Idempotency handling. The API supports idempotency keys for safe retries, but binary responses — the actual PDF bytes — are excluded from the idempotency cache entirely. Only JSON metadata responses get cached. This prevents processed documents from sitting in a cache table between retries.

API request logging. Request logs capture HTTP method, endpoint, status code, duration, and response size. Not request or response bodies. You can debug performance and error rates without ever seeing what was in the documents.

Each of these is a small decision, but they add up to a system where the constraint is enforced at every layer, not just the obvious ones.

Where the complexity actually lives

Zero data retention shifts complexity away from data lifecycle management and towards pipeline design. The problems you solve are different:

Memory management. When documents never touch disk, everything happens in memory. Large PDFs need careful handling. The gRPC streaming for text extraction helps here, and the max message size is configurable, but you still need to reason about memory bounds across the pipeline.

Error handling without replay. In a typical system, if a processing step fails, you retry from the stored input. When document content isn't stored, the client resubmits. This sounds like a limitation, but it simplifies the system — there's no stale input to manage, no question about whether the stored version matches what the client intended to send.

Observability without exposure. You need to know what's happening in the pipeline — processing times, error rates, success rates per operation. But you can't log document content, and error messages need sanitisation. The constraint extends to your debugging tools.

None of these are unsolvable. But they're the kind of problems you only encounter when you take the constraint seriously, and solving them leads to better engineering decisions than the alternative.
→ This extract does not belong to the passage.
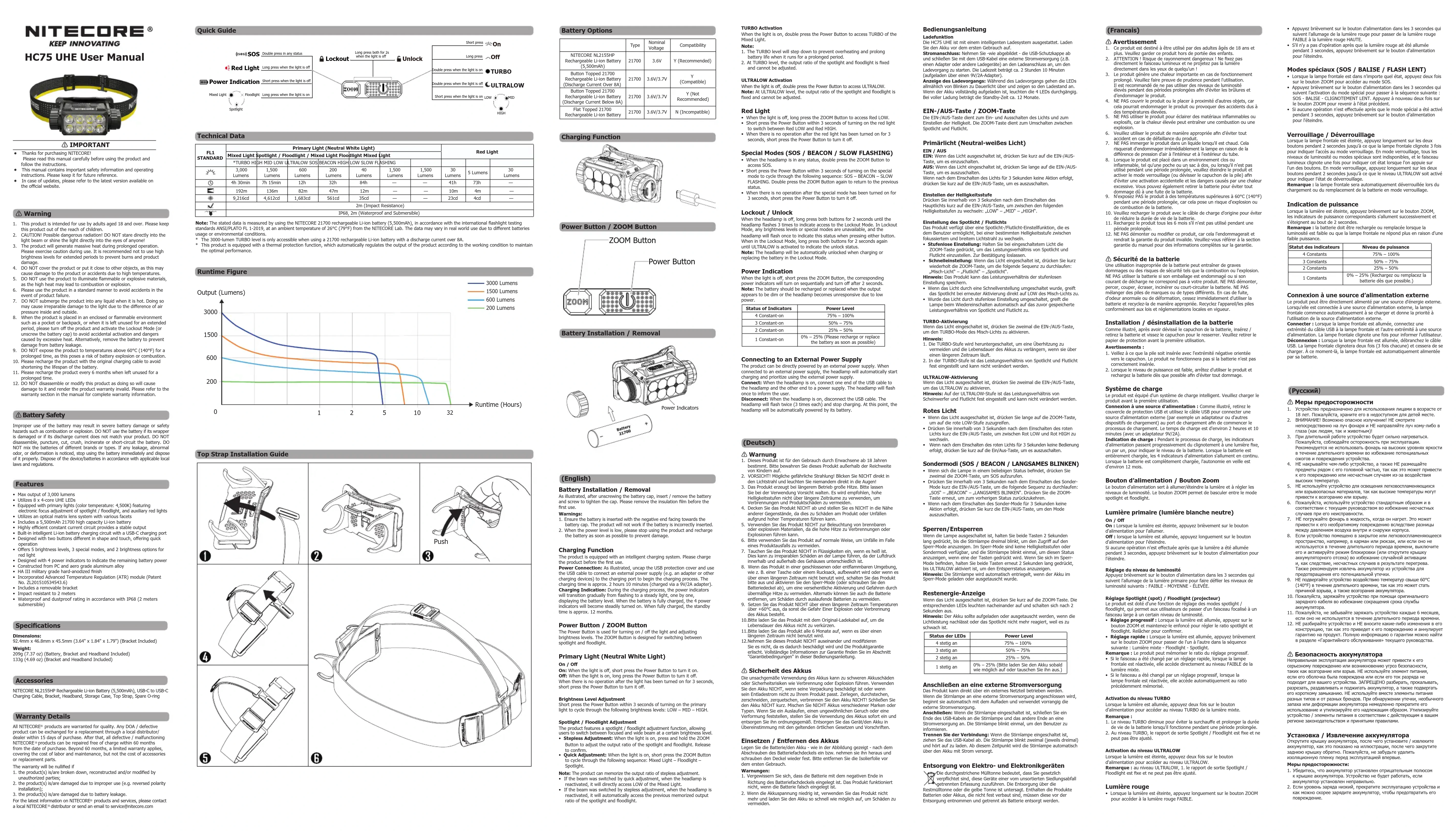 Retrouvez gratuitement la notice de l'appareil HC75 UHE Nitecore au format PDF.

Why starting here is easier than retrofitting

The counterintuitive thing about building privacy-first is that it's less work than adding privacy later. When retention is impossible by design, you don't need:

  • Data retention policies and the enforcement mechanisms behind them
  • Encryption key management for documents at rest
  • Access control matrices for stored content
  • Audit logging of who accessed what document when
  • Scheduled cleanup jobs and the monitoring to ensure they actually run

That entire category of operational overhead disappears when the data isn't there.

The architecture ends up simpler, too. The Laravel application orchestrates. The PDF service processes. The suggestions service identifies entities. Bedrock infers. Data flows through each layer and is gone. There's no shared document store to manage, no cache invalidation to worry about, no eventual consistency problems around storage.

Starting with the constraint didn't make Redactr harder to build. It made the architecture more obvious.